*** Opening of MATERIALS PROVIDED ***
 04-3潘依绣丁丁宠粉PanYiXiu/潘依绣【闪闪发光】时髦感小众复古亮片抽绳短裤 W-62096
*** Close of MATERIALS PROVIDED ***
*** Opening of MATERIALS PROVIDED ***
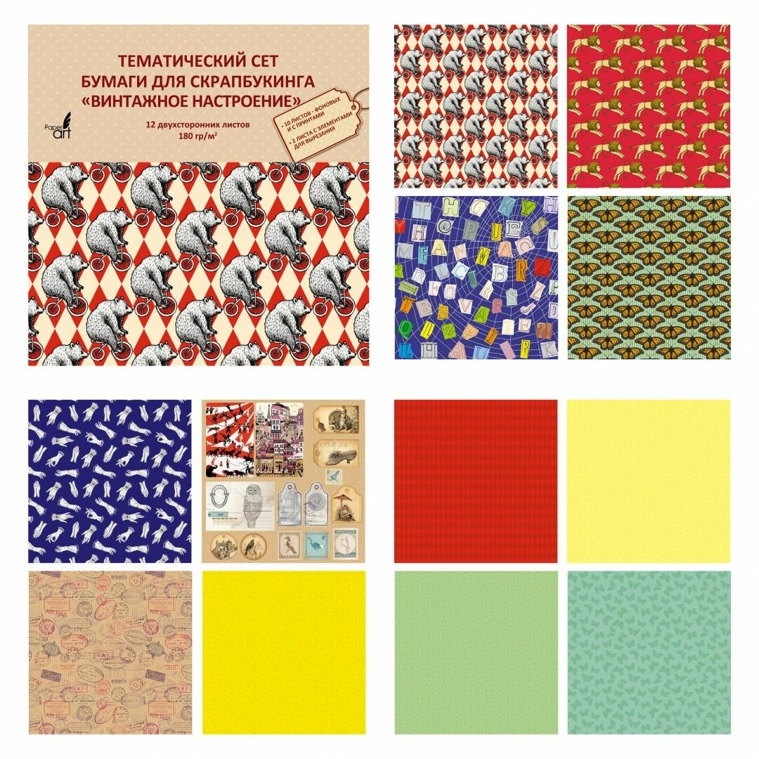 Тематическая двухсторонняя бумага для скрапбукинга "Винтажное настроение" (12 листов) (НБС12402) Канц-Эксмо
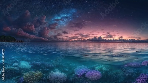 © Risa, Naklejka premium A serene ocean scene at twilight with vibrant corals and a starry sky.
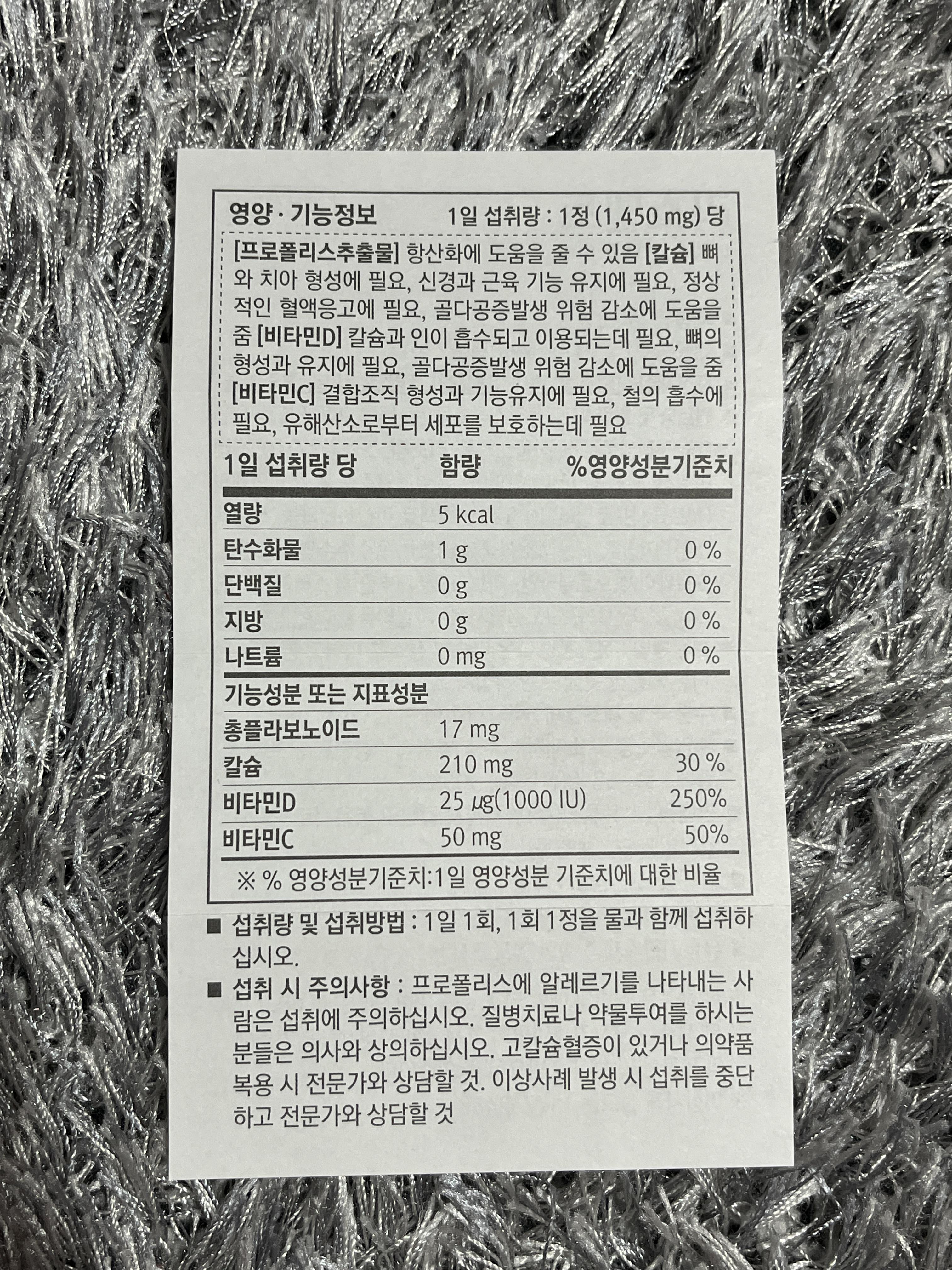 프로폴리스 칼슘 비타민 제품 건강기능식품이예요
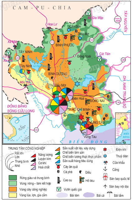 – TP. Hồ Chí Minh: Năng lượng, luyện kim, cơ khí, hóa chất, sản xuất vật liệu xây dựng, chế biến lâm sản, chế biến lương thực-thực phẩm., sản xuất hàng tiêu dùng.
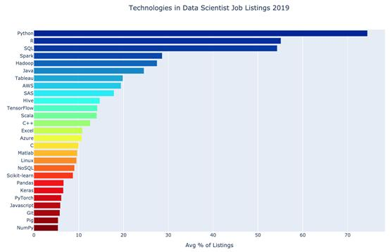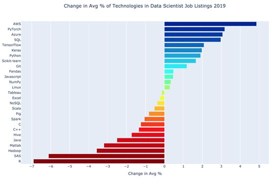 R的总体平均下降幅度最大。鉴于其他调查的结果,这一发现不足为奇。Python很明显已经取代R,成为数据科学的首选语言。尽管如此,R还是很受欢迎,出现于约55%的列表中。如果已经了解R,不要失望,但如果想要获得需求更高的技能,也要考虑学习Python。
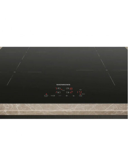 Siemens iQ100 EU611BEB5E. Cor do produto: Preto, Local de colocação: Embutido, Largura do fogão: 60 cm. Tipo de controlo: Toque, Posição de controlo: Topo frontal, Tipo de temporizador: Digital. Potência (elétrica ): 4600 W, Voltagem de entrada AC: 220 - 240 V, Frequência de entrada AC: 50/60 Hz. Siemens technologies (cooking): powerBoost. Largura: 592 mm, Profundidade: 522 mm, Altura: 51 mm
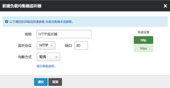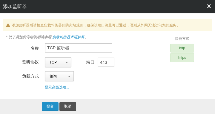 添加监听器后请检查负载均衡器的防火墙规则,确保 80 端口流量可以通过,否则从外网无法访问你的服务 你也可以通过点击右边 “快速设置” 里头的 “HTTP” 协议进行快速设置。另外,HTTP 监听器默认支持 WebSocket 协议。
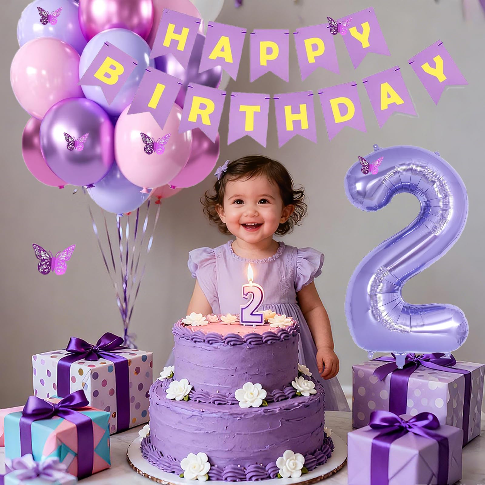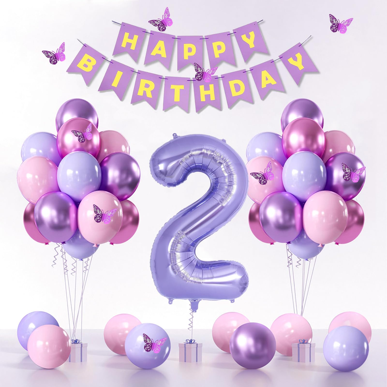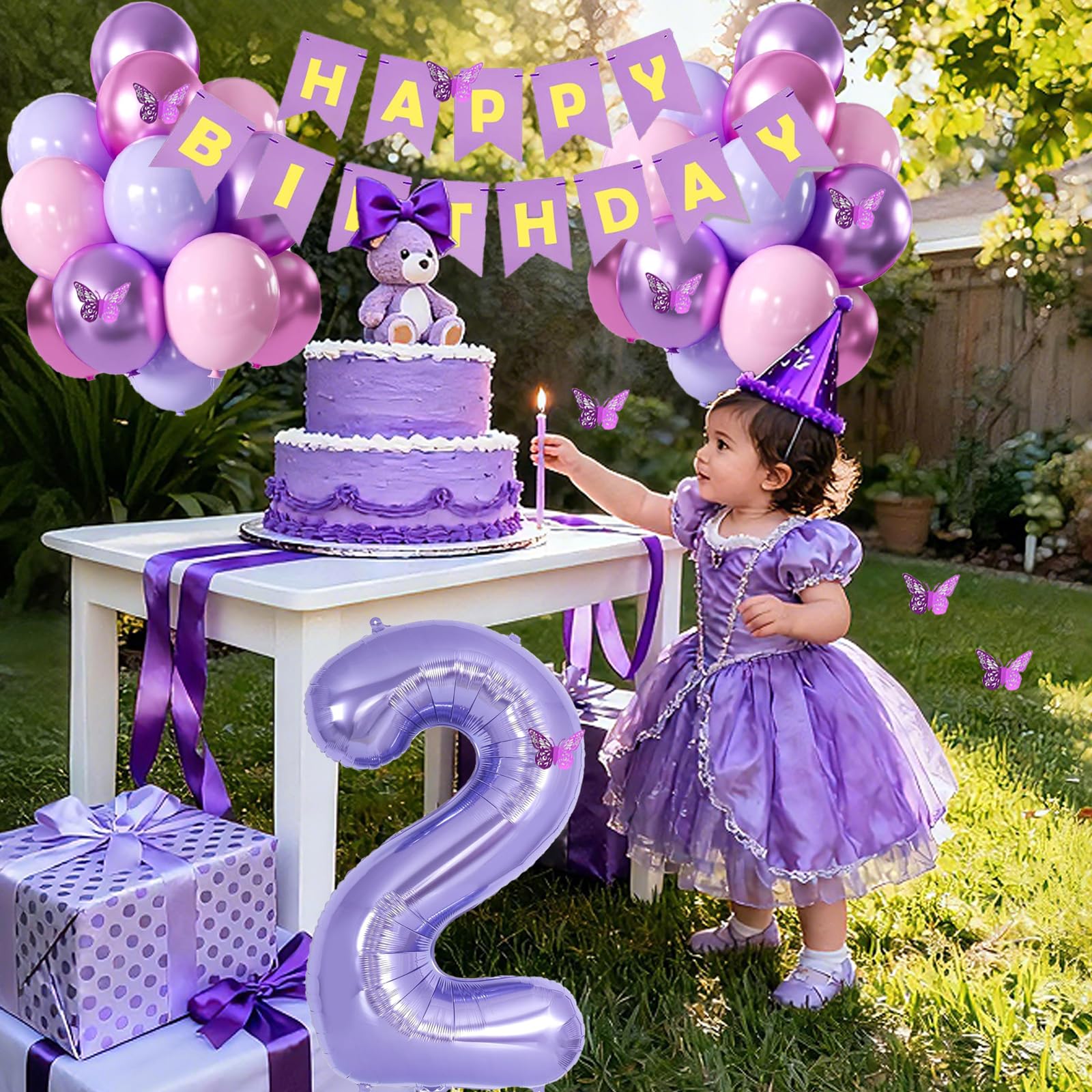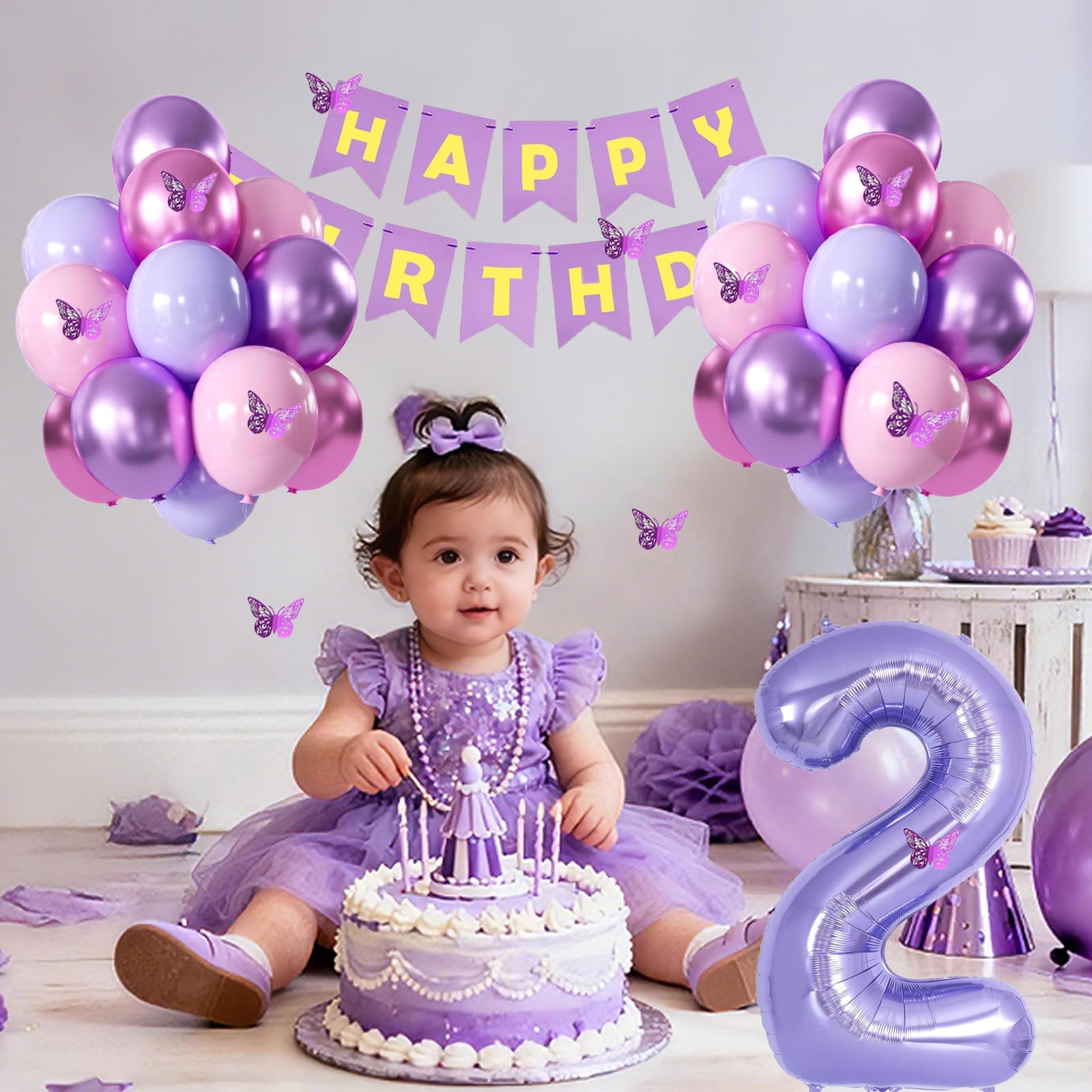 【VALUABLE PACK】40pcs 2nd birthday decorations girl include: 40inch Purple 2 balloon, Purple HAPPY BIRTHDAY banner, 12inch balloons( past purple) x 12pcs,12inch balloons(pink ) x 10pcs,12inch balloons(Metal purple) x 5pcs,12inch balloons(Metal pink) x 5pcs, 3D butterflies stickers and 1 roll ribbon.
*** Close of MATERIALS PROVIDED ***
*** Opening of MATERIALS PROVIDED ***
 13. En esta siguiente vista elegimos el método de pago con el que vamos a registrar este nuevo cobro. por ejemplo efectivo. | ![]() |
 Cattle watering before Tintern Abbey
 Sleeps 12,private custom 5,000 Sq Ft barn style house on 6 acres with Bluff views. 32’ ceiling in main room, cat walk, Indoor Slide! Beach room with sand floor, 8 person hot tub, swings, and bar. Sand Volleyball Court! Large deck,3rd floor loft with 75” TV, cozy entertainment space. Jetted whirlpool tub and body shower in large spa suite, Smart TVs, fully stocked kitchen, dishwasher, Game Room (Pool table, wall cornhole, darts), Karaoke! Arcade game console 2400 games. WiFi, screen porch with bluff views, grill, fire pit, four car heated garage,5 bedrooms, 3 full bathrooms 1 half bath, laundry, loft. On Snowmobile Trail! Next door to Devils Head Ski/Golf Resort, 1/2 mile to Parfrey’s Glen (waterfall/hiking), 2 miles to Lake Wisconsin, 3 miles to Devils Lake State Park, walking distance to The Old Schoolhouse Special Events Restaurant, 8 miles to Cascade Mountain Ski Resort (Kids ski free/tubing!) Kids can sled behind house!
*** Close of MATERIALS PROVIDED ***
*TASK TO CARRY OUT:* Take from the material above the lines running from the one with "Cattle watering before Tintern Abbey" through the one with "Sleeps 12,private custom", and repeat them exactly, with nothing else.

*RESULT OF THE EXERCISE:*
 Cattle watering before Tintern Abbey
 Sleeps 12,private custom 5,000 Sq Ft barn style house on 6 acres with Bluff views. 32’ ceiling in main room, cat walk, Indoor Slide! Beach room with sand floor, 8 person hot tub, swings, and bar. Sand Volleyball Court! Large deck,3rd floor loft with 75” TV, cozy entertainment space. Jetted whirlpool tub and body shower in large spa suite, Smart TVs, fully stocked kitchen, dishwasher, Game Room (Pool table, wall cornhole, darts), Karaoke! Arcade game console 2400 games. WiFi, screen porch with bluff views, grill, fire pit, four car heated garage,5 bedrooms, 3 full bathrooms 1 half bath, laundry, loft. On Snowmobile Trail! Next door to Devils Head Ski/Golf Resort, 1/2 mile to Parfrey’s Glen (waterfall/hiking), 2 miles to Lake Wisconsin, 3 miles to Devils Lake State Park, walking distance to The Old Schoolhouse Special Events Restaurant, 8 miles to Cascade Mountain Ski Resort (Kids ski free/tubing!) Kids can sled behind house!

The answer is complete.